After eating, Yang Yang spends most of his time sleeping, and he sleeps for more than 20 hours a day. So, most of the time I'm alone. I don't know why, after staying for a long time, I started to get scared, because the room was so quiet, it seemed like I was the only one in the world! If I fell asleep, I would have nightmares, and if I was awake, I would always hear a strange sound in my ears, a sound of dust falling or time passing, or a sound of another dimension. Although I am a materialist, loneliness still brings me great fear, and I often do not feel the breath of the world. Strangely enough, when I look at Yangyang's sleeping face, I also feel scared, because he often lies there motionless, like a rag doll or a scary baby specimen! Sometimes I can't help but put my fingers under his nostrils, feel his breath, and only relax when I am sure he is breathing properly.
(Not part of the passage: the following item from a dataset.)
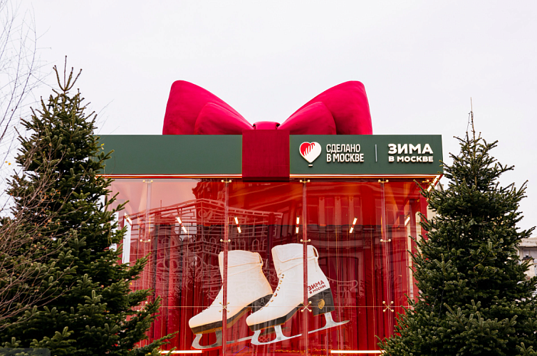 Павильон на Кузнецком Мосту объединил представителей модной индустрии столицы. Его оформили в виде прозрачной подарочной коробки с коньками внутри.

When I was most scared, I had to deliberately push Yang Yang awake and let him accompany me. I even pinched him a few times, deliberately making him cry so that there would be some noise in the room. And, all day long, I would stare out doors and windows, and I always felt like something evil was coming in. I told Lu Tao how I felt. The answer he got from his mother was that we were not sincere enough in the Buddha's confession and that we should burn more incense. And the answer I got from the doctor was that I had postpartum depression. Lu Tao believed both, on the one hand, he insisted on offering incense to the Buddha every morning and evening, and on the other hand, he stopped business and stayed at home to accompany me. But with him by my side, I still feel very lonely, I still have nightmares at night, and my headaches still continue. We couldn't say three words a day, and I don't know why we became so strangers. So it was as if I was still the only one in the room.